Abstract:The interest in dynamic vision sensor (DVS)-powered unmanned aerial vehicles (UAV) is raising, especially due to the microsecond-level reaction time of the bio-inspired event sensor, which increases robustness and reduces latency of the perception tasks compared to a RGB camera. This work presents ColibriUAV, a UAV platform with both frame-based and event-based cameras interfaces for efficient perception and near-sensor processing. The proposed platform is designed around Kraken, a novel low-power RISC-V System on Chip with two hardware accelerators targeting spiking neural networks and deep ternary neural networks.Kraken is capable of efficiently processing both event data from a DVS camera and frame data from an RGB camera. A key feature of Kraken is its integrated, dedicated interface with a DVS camera.
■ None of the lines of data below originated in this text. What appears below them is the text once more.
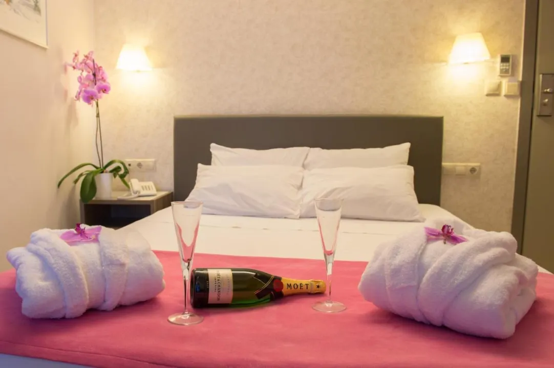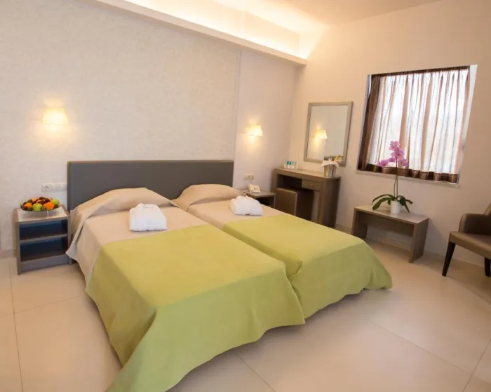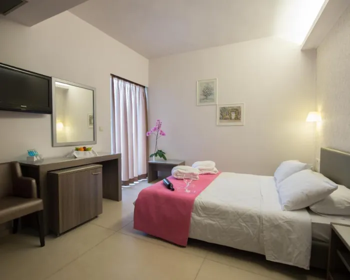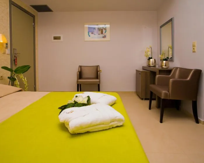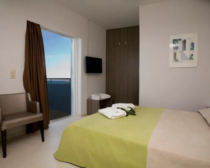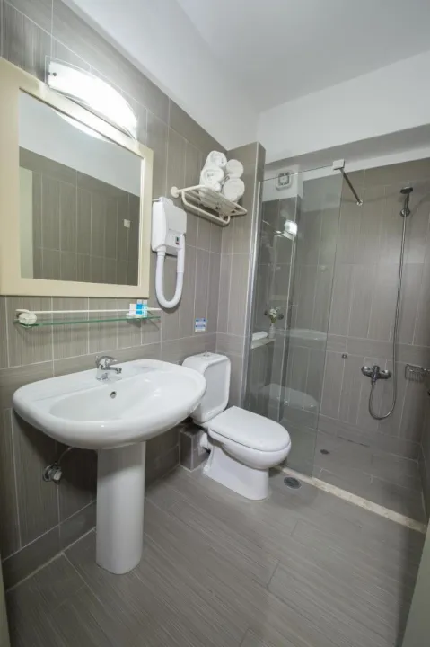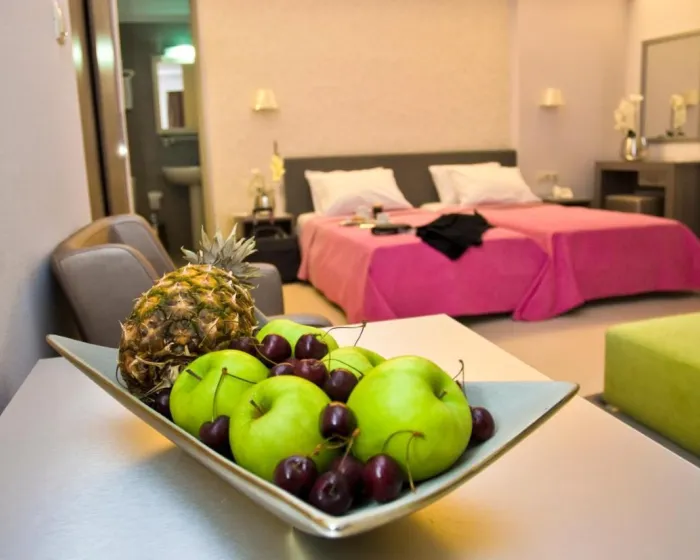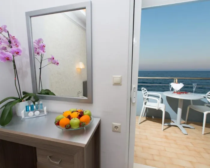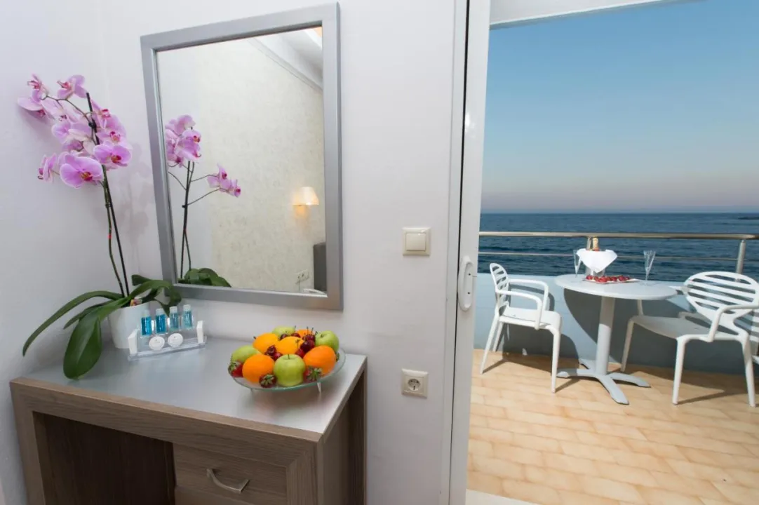 Air conditioning and central heating ensure that rooms maintain comfortable temperatures. Guests can enjoy the sea view from a balcony or terrace. The rooms have a double bed and a sofa bed. Children's beds and extra beds can be requested for younger guests. A safe, a minibar and a desk are also available. Guests will also find a refrigerator included among the standard features. An ironing set is provided for guests' convenience. Other features include a telephone, satellite television, an alarm clock and WiFi (no extra charge). Bathrooms are equipped with a shower and a bathtub, as well as a hairdryer. Cosmetic products and a selection of towels provide additional comfort in the bathrooms. Guests can also book wheelchair-friendly rooms with wheelchair-accessible bathrooms. The hotel has family rooms and non-smoking rooms.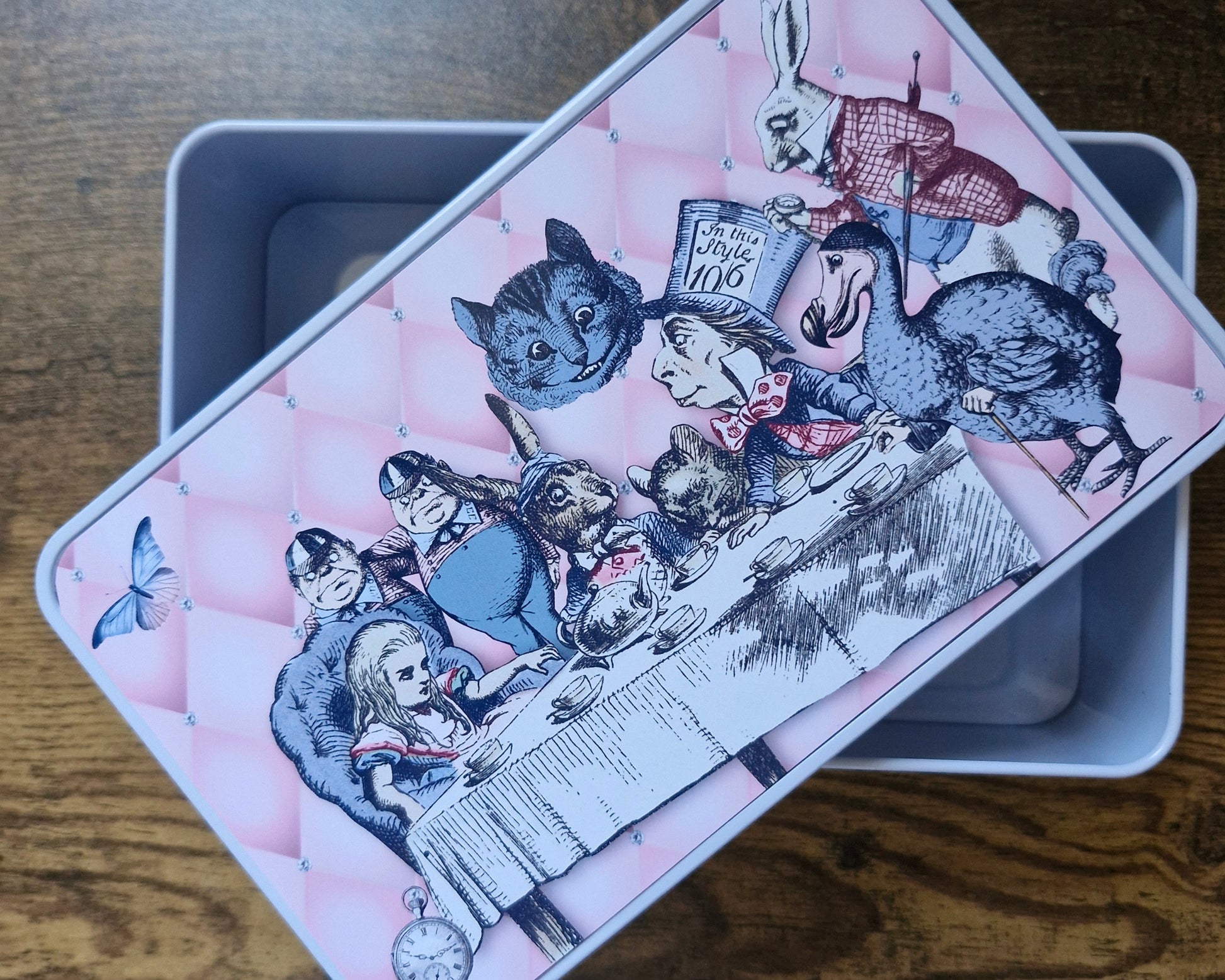 A handy tin to store bits and bobs in, with apink Tea Party Alice in Wonderland design.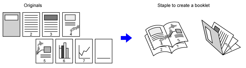 Place the original in the document feeder tray of the automatic document feeder, or on the document glass.Tap the [Others] key and then the [Booklet] key, or tap the [Staple Sort] key and then the [Saddle Stitch] key.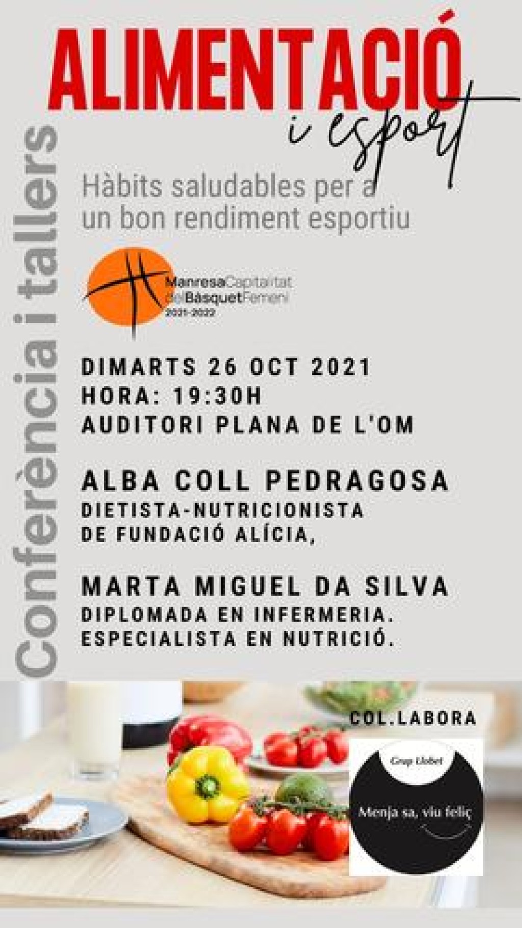 La programació continuarà aquest dimarts 26 d’octubre a les 19.30 hores a la sala de la Plana de l’Om amb una conferència d’alimentació que tractarà sobre els hàbits saludables per a un bon rendiment esportiu. Aquesta primera xerrada –inclosa dins l’eix “Més enllà del bàsquet”- anirà a càrrec de la Dietista-Nutricionista de la Fundació Alícia, Alba Coll Pedragosa, i de la Diplomada en infermeria i especialista en nutrició, Marta Miguel da Silva. La xerrada també comptarà amb una petita demostració per part de les ponents d’unes receptes per els/les esportistes poden realitzar en dies d’entrenament o partit. Les inscripcions són gratuïtes i només cal fer el registre previ a la web de Manresa, Capitalitat del bàsquet Femení: http://cbfmanresa.cat/cbfmanresa/

This paper benchmarks the end-to-end latency and power efficiency of the neuromorphic and event-based UAV subsystem, demonstrating state-of-the-art event data with a throughput of 7200 frames of events per second and a power consumption of 10.7 \si{\milli\watt}, which is over 6.6 times faster and a hundred times less power-consuming than the widely-used data reading approach through the USB interface. The overall sensing and processing power consumption is below 50 mW, achieving latency in the milliseconds range, making the platform suitable for low-latency autonomous nano-drones as well.